Jesus continues the cryptic conversation, using the words wind and water to describe spiritual realities. First, Jesus says: "No one can enter the kingdom of God without being born of water and Spirit." Being born of water may refer to the birth process as when a woman's water breaks before her child is born. Being born of spirit may refer to the powerful spiritual activation that occurs in our baptism. Both birth and baptism use water to literally and spiritually activate the kingdom of God within us.

Jesus next employs the energetic images of wind and water, saying, "The wind blows where it chooses, and you hear the sound of it, but you do not know where it comes from or where it goes." We are familiar with wind and water. Insurance providers and attorneys are still arguing whether it was wind damage or water damage that caused hundreds and thousands of homes to be destroyed on the Gulf Coast. Last week a tornado blew through my former residence in Jackson, Tennessee and devastated a small Baptist college called Union University. All the buildings were destroyed but no one was killed. There seems to be no rhyme or reason as to when and where these hurricanes and tornadoes hit, whom is harmed and whom is left untouched. Wind power may destroy or create. On the positive side, wind is a clean, inexhaustible, indigenous energy resource that can generate enough electricity to power millions of homes and businesses. The wind blows sometimes with hurricane force and other times as a devastating tornado. Yet, wind power is a source of renewable energy in use in Texas and around the world today.

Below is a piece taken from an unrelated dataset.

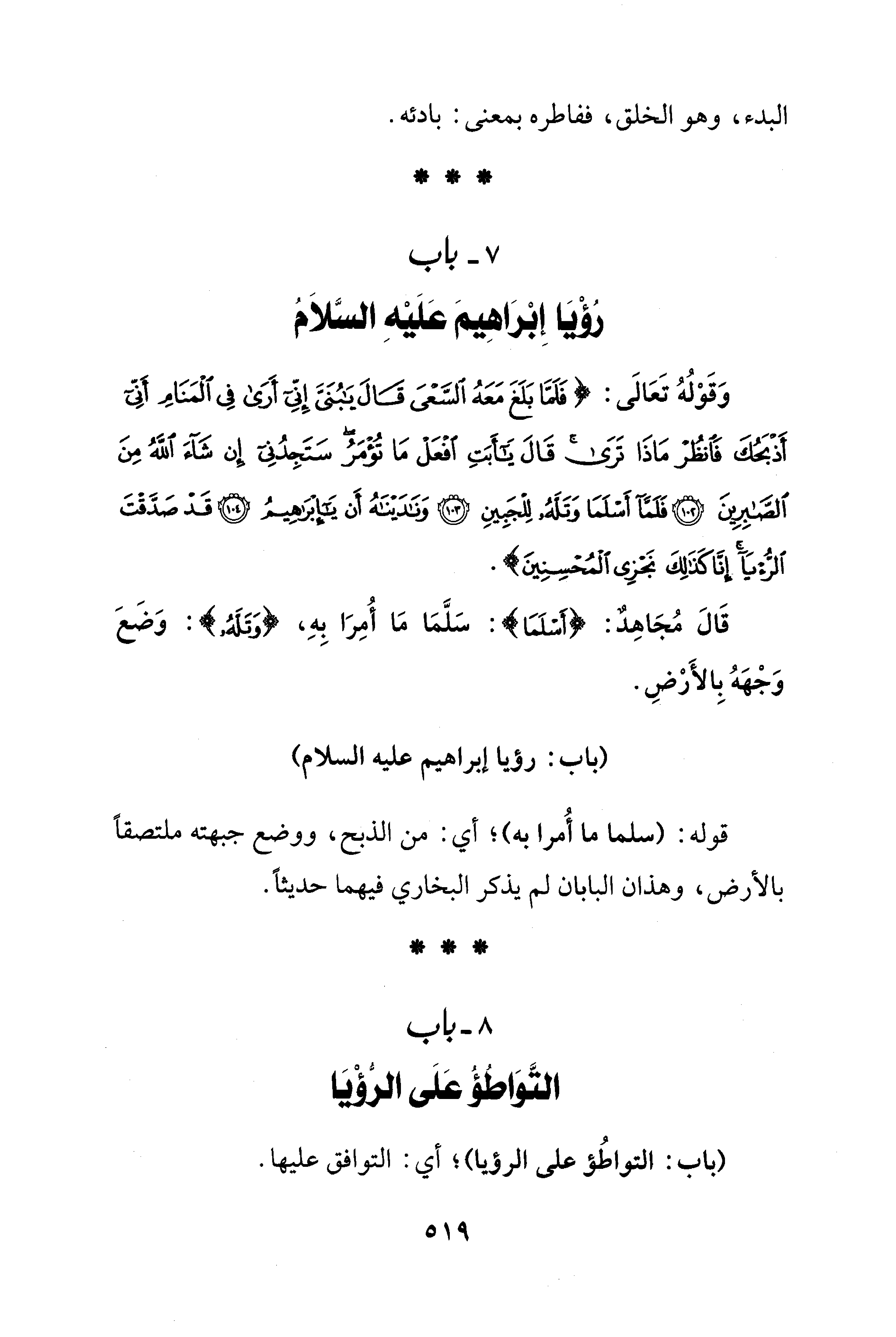 7 - باب رُؤْيَا إِبْرَاهِيمَ عَلَيْهِ السَّلاَمُ

"So it is with everyone who is born of the Spirit," says Jesus. We have the power of Katrina blowing within us. We have the power of the tornado inside our mouths. Each of us has the power to destroy or build, to kill or give life through the power of our tongue. The tongue has the power to destroy people and congregations or to give encouragement and build community. We are baffled when we hear Jesus tell his disciples, "The signs I do you will do and greater than these will you do." Yet, if we truly acknowledged the power we have over people, the power to curse or to bless, we would be careful in our speech, we would watch what we say and how we say it. Our tongue has the power to create positive energy like a wind mill and the power to destroy like a tornado.

Nicodemus said to him, "How can these things be?" We too, would like more details. We live in a scientific world where everything must be quantified and measured before we may acknowledge that is is real. We are taught to distrust our feelings. For instance, mothers are taught to rely on experts in child rearing to tell them how to be a proficient parent to their child. One of the best pieces of advice my wife ever received came from her physician who offered the following parenting advice upon the birth of our first child: "Trust your instincts. No one knows this child better than you, her mother. No expert can tell you how to raise this child better than your own instincts. Follow your intuition, do what you feel is right and don't worry about what the experts say." Jesus was talking to Nicodemus about trusting his spiritual instincts and insights instead of relying on his theological education. Nicodemus needed to reclaim the territory between his mind and heart and so do we. We need to rediscover our hearts. This is the new frontier for Christians in the 21st century. Our challenge at this time in history is to rediscover our heart and live our religion from our heart and not just from our head.

Of course, we may use our minds in our religion, and in fact, Presbyterians excel in the neocortex. We build statues to John Calvin and admire him as an author who wrote reams of books about God that laid the foundation for the Reformation.  Presbyterians value the mind. But John Calvin was also a man of heart. He was aware of the vital importance of the heart in the relationship between humans and God. Calvin was aware of the mind/body connection and he lived our his faith with warm passion as well as cool intellect. Calvin the Reformer, like Nicodemus the Pharisee, had been trained as a lawyer. Both were people of the book. Words were their great companions, their weapons and their building blocks. Jesus challenges Nicodemus, Calvin, and us, to move our religion about 18 inches lower down in our body. If we desire to experience the power of God's wind moving in our lives, we must make the journey from our heads to our hearts during this Lenten season, from our tongues to our sternums. Without a heart that beats to the contemplative dimension of the gospel, we may not resonate with God's wind blowing in us.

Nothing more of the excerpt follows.